Протоиерей Алексий Уминский: Как я пришел к Богу (+Видео)
Духовник Свято-Владимирской православной гимназии, настоятель храма Святой Троицы в Хохлах, ведущий телепередачи «Православная энциклопедия» протоиерей Алексий Уминский отвечает на вопросы ведущих программы «Временно доступен».
Александр Карлов: Отец Алексий, Вы-то сами как к Богу пришли? У Вас сугубо светское образование, насколько я понимаю.
Прот. Алексий Уминский: Не только светское, но и духовное.
Александр Карлов: Изначально было.
Прот. Алексий Уминский: Изначально светское.
Александр Карлов: Семья, по-моему, у Вас тоже светская, в которой Вы воспитывались?
Прот. Алексий Уминский: Да.
Александр Карлов: Расскажите.
Прот. Алексий Уминский: Более того, я воспитывался в семье вполне атеистической, вполне такой традиционной семье. Мама — учитель, папа — инженер.

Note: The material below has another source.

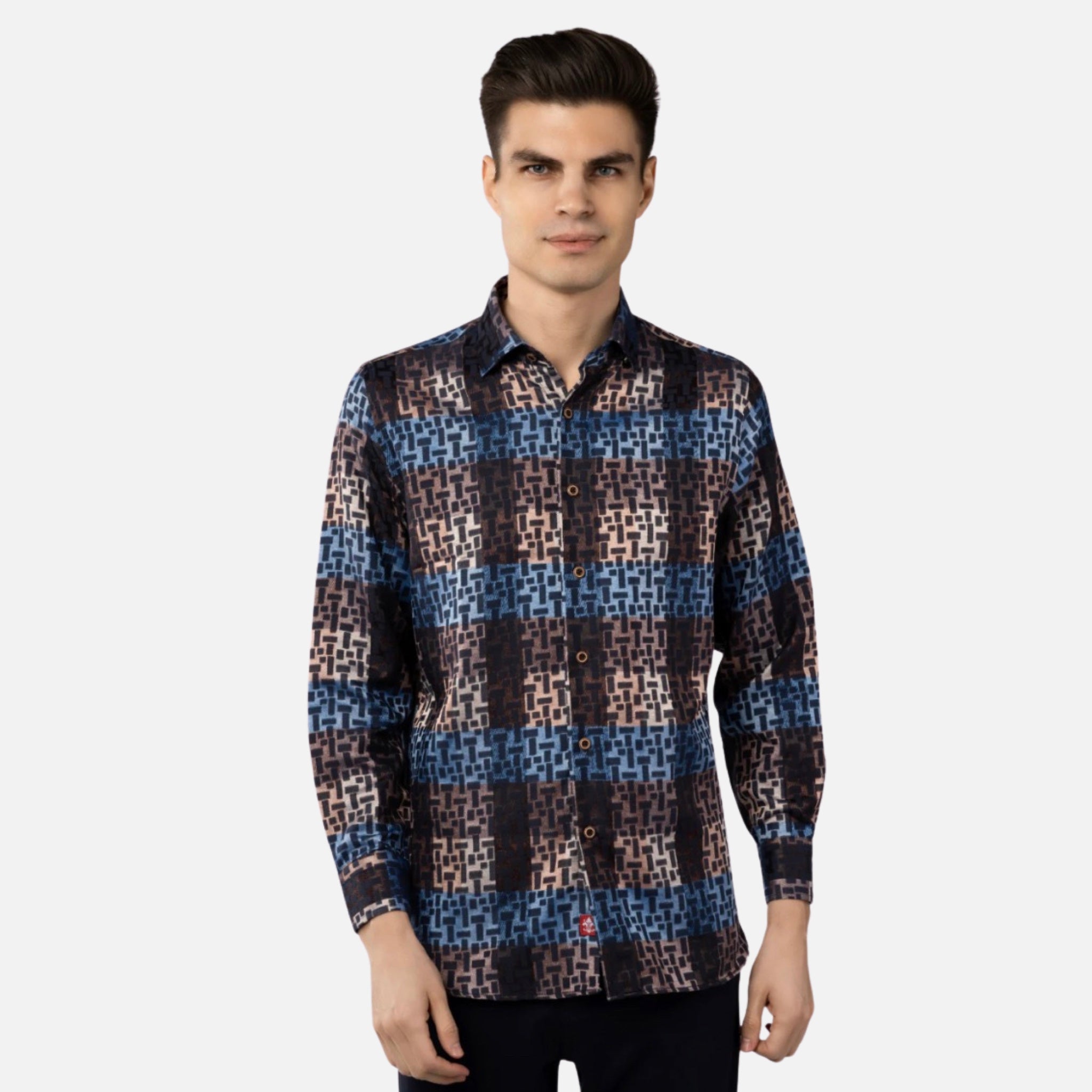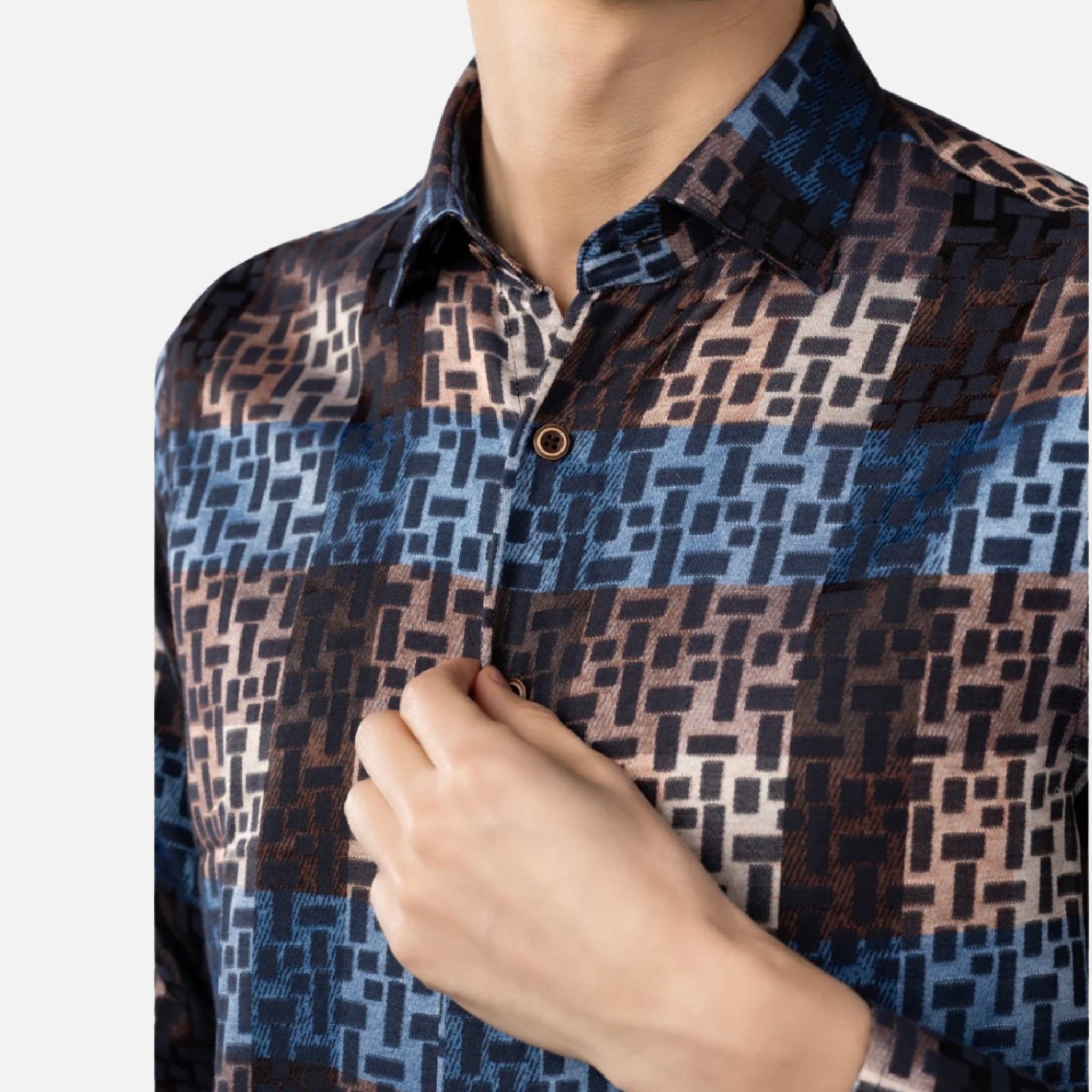 Add a touch of sophistication to your wardrobe with the Luchiano Shirt 4975 Brown and Blue Stripes with Navy Shape Satin Jacquard, where luxury, distinctive design, and a blend of cotton and polyester create a shirt that embodies timeless style for any occasion.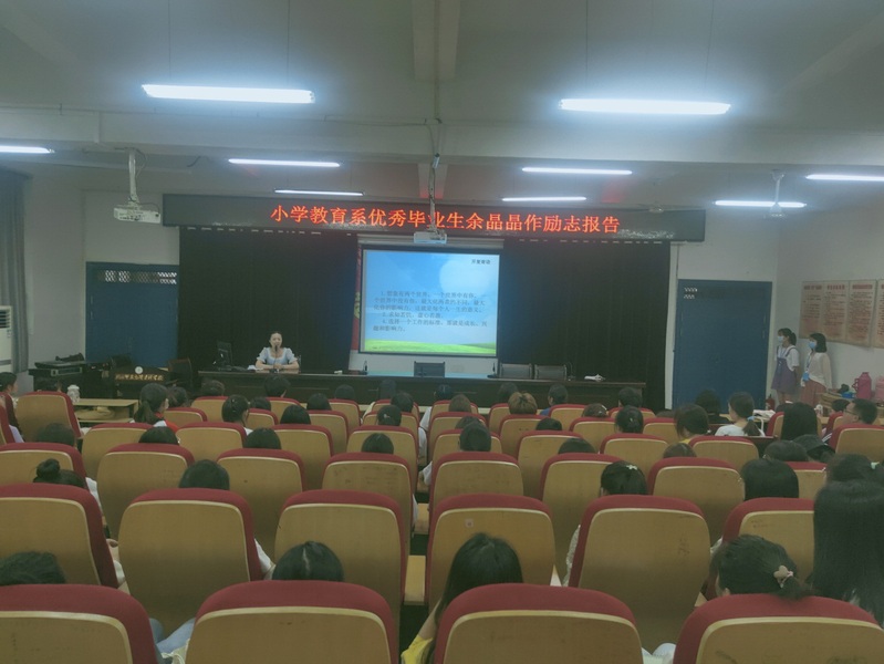 為了充分發揮優秀畢業生榜樣示範引領教育作用,激勵學生珍惜韶華、不負青春,心懷夢想、努力奮鬥,小學教育係於6月18日上午特別邀請了2017級小學教育專業優秀畢業生餘晶晶同學回母校在以智樓一樓報告廳為高專19、20級學生做了勵誌報告。

Александр Карлов: В партии состояли?
Прот. Алексий Уминский: Да, папа состоял в партии, а мама — нет. Мой первый опыт встречи с Богом был уже когда я учился в педагогическом институте. Просто я встретил людей, которые думали по-другому, которые позволяли себе думать не так, как думают все, потому что я был еще уверенным таким комсомольцем, каким-то активистом комсомольским был. И в этом себя чувствовал вполне комфортно. В институте я встретил людей, которые стали моими хорошими близкими друзьями, которые думают по-другому, и вот это первое удивление, что можно думать по-другому, для меня было каким-то открытием, откровением в тот период.
Александр Карлов: То есть можно утверждать, что Вы пошли от протеста против системы?
Прот. Алексий Уминский: В каком-то смысле да, в каком-то смысле. От какого-то протеста, даже не от протеста, а от отхождения от этих привычных норм. Они мне показались совершенно иначе, после того, как я увидел, что можно жить по-другому, можно думать по-другому, можно читать другие книги, вообще — можно много читать того, чего читать нельзя, и эти книги попались мне в руки. Эти книги давались только на одну ночь. Эти книги нельзя было доставать в метро, потому что это была ксероксная литература. Это был самиздат. И вдруг эти книги сильнейшим образом перевернули мой взгляд на мир, на людей, и тогда я почувствовал себя совершенно свободным человеком, в 1976 году, предположим.
Дмитрий Дибров: Флоренский?
Прот. Алексий Уминский: Флоренский в том числе. Была его работа «Иконостас», который меня тогда поразил, вот этот взгляд на икону. Это было даже немного потом, а тогда — это Евангелие, которое мне попалось в руки и которое я вначале взял в руки с тем, чтобы как и всю остальную литературу использовать. Где-то ввернуть словечко в таком интересном обществе, как-то произвести впечатление о том, что я знаю что-то такое, чего не знает кто-то другой.
Я стал читать эту книгу и в первое время я ничего не понял, а потом вдруг понял очень важную для себя вещь — что эту книгу никак не мог написать человек. Потому что в этой книге все написано против человека. Там нет ничего такого, чем человек мог бы себя успокоить по-настоящему в этой жизни. Все не так. Нет никакой лазейки, чтобы найти какое-то удобное место, ничего.
Блаженны плачущие. Блаженны нищие духом. Блаженны, когда вас гонят. Радуйтесь и веселитесь. Молитесь за своих врагов.
Господи помилуй, разве человек может для себя такого пожелать? И тогда для меня это было откровение, открытие, что вот эта книга — нечеловеческая. И тогда началось какое-то такое движение, и желание как-то понять и услышать. Я тогда стал молиться. Стал молиться своими словами и постепенно как-то вошел в Церковь.
Александр Карлов: А родители как отнеслись?
Прот. Алексий Уминский: О, сначала жестко, сначала с непониманием большим, потому что, как каждое неофитство, оно приобретало такой сумасшедший характер. Я запирался в комнате, вслух громко читал молитвы, чтобы папа с мамой слышали, вдруг они обратятся к Богу. Вот они услышат молитвы, и это их бедных, несчастных…
Александр Карлов: У папы могли быть проблемы — в парторганизации, например?
Прот. Алексий Уминский: Несомненно, да. Но бедные мои родители, они ужасно переживали за меня. Они подумали, что я попал в дурную компанию, что, не дай Бог, какая-то секта меня пытается поглотить, но они были воспитаны в совершенно советских категориях и только постепенно, понемногу, когда я с ними снова нашел общий язык, они стали меня как-то понимать, поддерживать. В конечном итоге мама крестилась. Я потом сам венчал своих собственных родителей, когда стал священником. А папа ходит в церковь регулярно, причащается.